- Provided data -

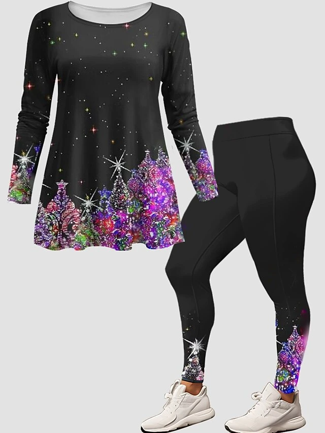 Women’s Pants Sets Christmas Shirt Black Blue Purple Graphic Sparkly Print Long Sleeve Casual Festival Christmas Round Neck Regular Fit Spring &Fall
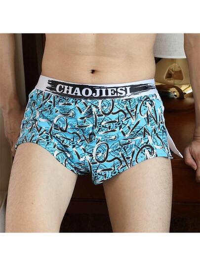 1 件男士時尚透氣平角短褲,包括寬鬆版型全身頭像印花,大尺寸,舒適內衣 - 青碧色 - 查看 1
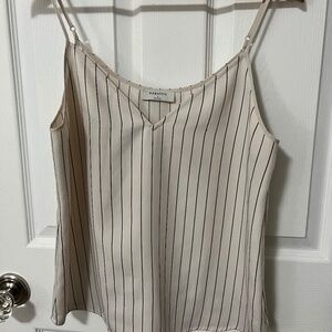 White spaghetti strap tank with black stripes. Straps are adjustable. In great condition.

==

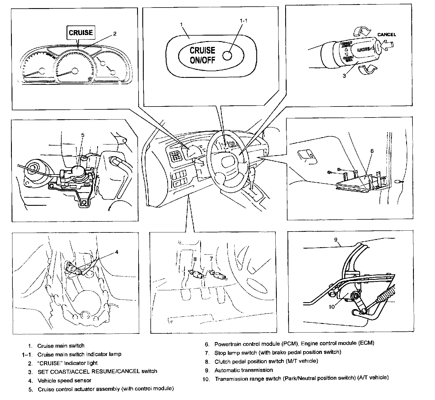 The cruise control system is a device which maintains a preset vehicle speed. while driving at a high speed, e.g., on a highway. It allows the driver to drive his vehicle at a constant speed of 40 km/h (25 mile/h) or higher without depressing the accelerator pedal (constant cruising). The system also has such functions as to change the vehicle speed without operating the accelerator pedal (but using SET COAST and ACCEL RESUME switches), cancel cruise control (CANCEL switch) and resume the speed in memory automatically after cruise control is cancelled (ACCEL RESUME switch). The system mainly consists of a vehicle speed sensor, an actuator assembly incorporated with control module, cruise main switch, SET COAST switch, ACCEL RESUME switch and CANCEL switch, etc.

- Work required -
Above are some entries. Restate word for word the lines from the one holding "Women’s Pants Sets" through the one holding "White spaghetti strap", but not the pictures.

- Task response -
 Women’s Pants Sets Christmas Shirt Black Blue Purple Graphic Sparkly Print Long Sleeve Casual Festival Christmas Round Neck Regular Fit Spring &Fall
 1 件男士時尚透氣平角短褲,包括寬鬆版型全身頭像印花,大尺寸,舒適內衣 - 青碧色 - 查看 1
 White spaghetti strap tank with black stripes. Straps are adjustable. In great condition.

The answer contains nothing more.